Barack Obama's use of the phrase "typical white person" on a local radio station yesterday wound up making waves from Huffington Post to YouTube to Larry King Live.
King, with Obama as a guest, asked: "Do you think all this might hurt your campaign?"
Yesterday morning on WIP (610-AM), during a prearranged interview with host Angelo Cataldi, Obama responded to a question about Tuesday's major speech on race at the National Constitution Center.
In the speech, the Democratic candidate spoke of his white grandmother "who once confessed her fear of black men who passed by her on the street, and who on more than one occasion has uttered racial or ethnic stereotypes that made me cringe."
On WIP, Obama said: "The point I was making was not that my grandmother harbors any racial animosity. She doesn't. But she is a typical white person who, if she sees somebody on the street that she doesn't know, there's a reaction that's been bred into our experiences that don't go away, and that sometimes come out in the wrong way, and that's just the nature of race in our society."
Cataldi did no follow up on Obama's choice of words, and went on to other topics in the five-minute conversation.
Then the reactions started.
"We doubt this story will have legs, but wonder if Hillary Clinton referred to a 'typical black person,' would we ever hear the end of it?" Dan Gross of the Philadelphia Daily News wrote on his PhillyGossip blog.
"Seriously, Barack Obama basically called all white people racist. ... Is this guy kidding?" wrote Taylor Marsh on Huffington Post in midafternoon.
WIP host Howard Eskin, known for having strong opinions, said he was offended by the remark during his 3 p.m. show, at one point repeatedly asking a caller, who had identified himself as African American, if he was "a typical black person."
"Obama 'Typical White Person' Racist Interview" was a headline on an excerpt posted on YouTube.
Larry King referred to the WIP interview and Obama's 86-year-old grandmother during an interview with the candidate last night: "You called her today a typical white person, meaning what, Senator?
Obama replied: "Well, what I meant really was that some of the fears of street crime and some of the stereotypes that go along with that were responses that I think many people feel. She's not extraordinary in that regard. She is somebody that I love as much as anybody. I mean, she has literally helped to raise me. But those are fears that are embedded in our culture, and embedded in our society, and even within our own families, even within a family like mine that is diverse."
As to whether Obama's campaign might suffer some damage because of the remark, the senator didn't say yes or no, but expressed confidence that Americans can talk honestly about complicated issues and that "if we're not trying to demonize each other, that we can solve problems."

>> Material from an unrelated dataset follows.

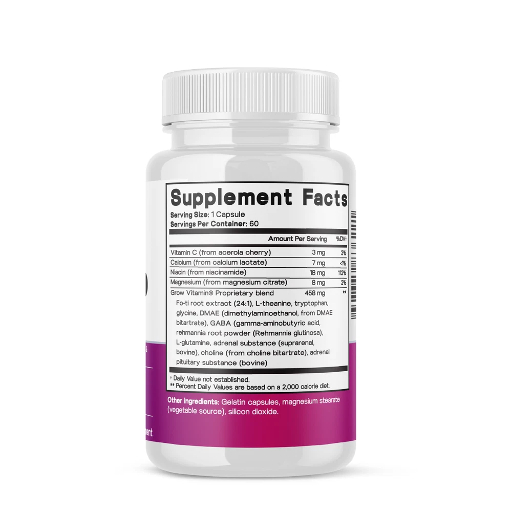GROW ELEVATED WELLNESS Formulated for Restful, Recharging Sleep Support Grow SLEEP PRO-HEALTH is an advanced nighttime calm & recovery blend crafted with amino acids, herbal extracts, and key micronutrients to help you relax at night so you can show up refreshed the next day.* Advanced Nighttime Calm & Recovery Blend 458 mg Premium Sleep Blend 60 Capsules ? 60 Servings Key Sleep Support Highlights 15 Calming Ingredients Includes L-theanine, tryptophan, GABA, Fo-ti root, and more to support a relaxed nighttime state.* Supports Restful Sleep* Helps You Unwind* Non-GMO Ingredients Made in the USA Why You?ll Love SLEEP PRO-HEALTH Thoughtfully designed for those evenings when you want to ease into relaxation and prepare your body and mind for a restorative night?s rest.* Benefit 01 Promotes Calm Nighttime Relaxation* A synergistic blend of L-theanine, tryptophan, GABA, and glycine supports a sense of calm so you can gently transition from busy days into a more relaxed nighttime rhythm.* Benefit 02 Supports Restful, Productive Sleep Cycles* Crafted to complement your body?s natural ?rest & digest? response, helping you make the most of the hours you spend asleep and wake up feeling more ready for the day ahead.* Benefit 03 Nightly Recovery & Reset* Adrenal and pituitary glandulars, Fo-ti root, and supportive nutrients like vitamin C, B3 (niacin), and magnesium help nourish your system while you rest, so you can feel more balanced by morning.* Benefit 04 Easy, Once-Daily Capsule Just one capsule taken about 30 minutes before bedtime fits seamlessly into your evening routine?no complicated protocols required. What?s Inside Each Capsule A premium blend of vitamins, minerals, amino acids, herbal extracts, and glandulars?carefully selected to support your nighttime relaxation experience.* Core Vitamins & Minerals Foundational Micronutrient Support Vitamin C (from acerola cherry) ? 3 mg (3% DV) Calcium (from calcium lactate) ? 7 mg (<1% DV) Niacin (from niacinamide) ? 18 mg (112% DV) Magnesium (from magnesium citrate) ? 8 mg (2% DV) Everyday micronutrient support* Backed by recognizable forms Grow Vitamin® Proprietary Blend 458 mg Premium Nighttime Blend Fo-ti root extract (24:1) L-theanine & tryptophan Glycine & GABA (gamma-aminobutyric acid) DMAE (dimethylaminoethanol, from DMAE bitartrate) Rehmannia root powder ( Rehmannia glutinosa ) L-glutamine Adrenal substance (suprarenal, bovine) Choline (from choline bitartrate) Adrenal pituitary substance (bovine) 15 calming ingredients* Amino acids & botanicals Designed for nighttime use Other ingredients: Gelatin capsules, magnesium stearate (vegetable source), silicon dioxide. How to Use Simple, consistent habits can make all the difference in your sleep routine. Take 1 capsule daily , about 30 minutes before bedtime . Swallow with a glass of water, with or without a light snack as tolerated. Use consistently for best results and pair with calm, screen-light?reduced evenings. Pro Tip: For a more complete nighttime ritual, combine SLEEP PRO-HEALTH with relaxing habits like dimming the lights, reading, gentle stretching, or breathwork. Supplement Facts Serving size & key information for SLEEP PRO-HEALTH. Supplement Facts Amount Per Serving %DV? Serving Size 1 Capsule Servings Per Container 60 Vitamin C (from acerola cherry) 3 mg 3% Calcium (from calcium lactate) 7 mg <1% Niacin (from niacinamide) 18 mg 112% Magnesium (from magnesium citrate) 8 mg 2% Grow Vitamin® Proprietary Blend 458 mg ** ? Percent Daily Values are based on a 2,000 calorie diet. ** Daily Value not established. Why Choose Grow SLEEP PRO-HEALTH? Thoughtful formulation, quality sourcing, and a modern wellness-first philosophy. Advanced nighttime calm & recovery blend made with 15 key ingredients for relaxation and nighttime support.* Non-GMO ingredients and produced in the USA . Crafted in facilities that follow GMP (Good Manufacturing Practice) guidelines for quality. Balanced for daily use at just one capsule per serving. Designed to pair with other healthy sleep habits as part of an overall wellness routine. Created by Grow to align with our mission: Elevate Wellness with Precision Science. Who Is This For? SLEEP PRO-HEALTH may be a great fit if you: Want support for relaxing in the evening after mentally or physically demanding days.* Prefer a capsule formula that combines amino acids, herbs, and glandulars in one serving.* Are building a more intentional bedtime routine focused on calm, comfort, and recovery.* Appreciate supplements that prioritize thoughtfully selected ingredients over unnecessary fillers. Frequently Asked Questions Have questions about how to use SLEEP PRO-HEALTH? Start here. When should I take SLEEP PRO-HEALTH? For most people, taking one capsule about 30 minutes before bedtime works well. You can adjust slightly earlier or later depending on how your body responds. Always follow the directions on the label, and speak with your healthcare provider if you have questions about timing or use. Can I take this every night? SLEEP PRO-HEALTH is formulated as a daily-use nighttime support supplement . Many people choose to take it consistently as part of their evening routine. If you are pregnant, nursing, taking medications, or have a medical condition, consult your healthcare professional before use. Does this product contain melatonin? No. This formula focuses on a melatonin-free blend of amino acids, botanicals, micronutrients, and glandulars intended to support relaxation and nighttime comfort without relying on melatonin.* Is this suitable for vegans or vegetarians? This product is encapsulated in gelatin capsules and contains bovine-derived glandular ingredients , so it is not suitable for strict vegans or vegetarians. Caution & Important Information Please read before use. Caution: Adults only. Do not exceed the recommended serving. Not intended for pregnant or nursing women. If you have a medical condition (especially endocrine, hormonal, or psychiatric conditio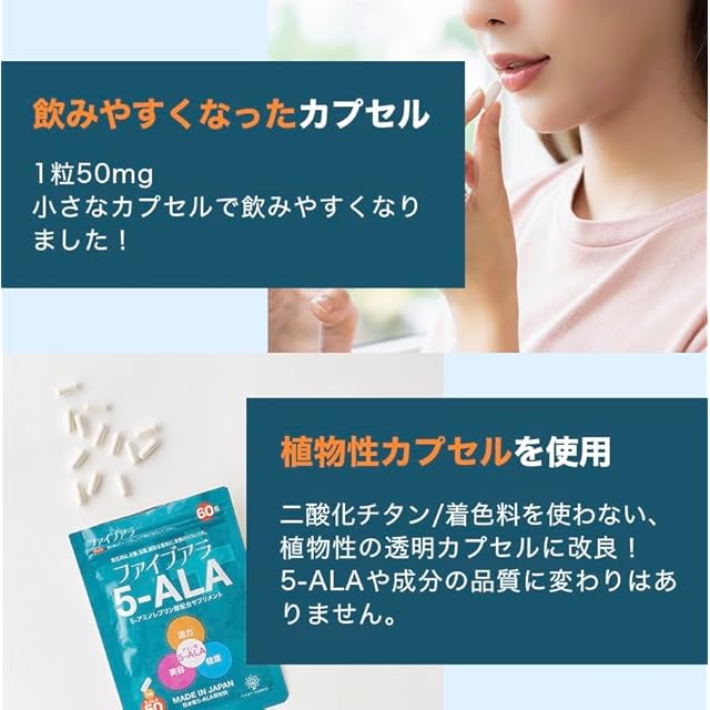 ✅ネオファーマジャパン正規代理店フェアリーフォレストから【ファイブアラ】が登場! ✅皆様のお声をもとに改善いたしました!! (現在、ネオファーマジャパン社名変更)✅【ネオファーマジャパンの原材料5-ALAを100%使用しております】 (現在、社名変更) 安心・安全のGMP認定工場で製造!✅【植物性の無着色透明カプセル・飲みやすい小さいカプセルに】二酸化チタン、着色料不使用 お客様の声『着色料が気になる。飲みやすいサイズにして欲しい。』など、お客様のお声をもとに植物性の無着色の透明カプセルにこだわり改良致しました。✅【持ち運びやすいパッケージ】 紫外線からの保護、防湿性、携帯性に優れたアルミパッケージを採用!いつでもどこへでも、手軽に持ち運び可能です!✅【安心安全の国内GMP認定工場にて製造!】GMP認定工場とは原料の受け入れから最終製品の出荷に至るまでの全行程において、【適正な製造管理と品質管理】を承認された工場のことです。

A New York Daily blog also weighed in. "This has turned into a pretty poor day for Barack Obama, capped by him saying his grandmother is afraid of black people not out of racial animosity, but because she is a 'typical white person,'" wrote Michael McAuliff and Michael Saul.
In an update, the blog quoted a clarification from Obama spokesman Ben LaBolt: "Barack Obama said specifically that he didn't believe his grandmother harbored any racial animosity but that her fears were understandable and typical of those often shared by her generation."
This morning, host Angelo Cataldi sounded amused by all the controversy, remarking, "Only now do I know he was really just calling to give us his NCAA picks. ... I'm asking him about his white grandmother, and he wanted to talk about UCLA, about Duke against Belmont. What a disaster!"
Then he said his own mother called yesterday to rib him about helping Hillary Clinton.
Cohost Al Morganti said CNN invited him to comment on the air, but the cable network changed its mind because he thought the subject was "no big deal."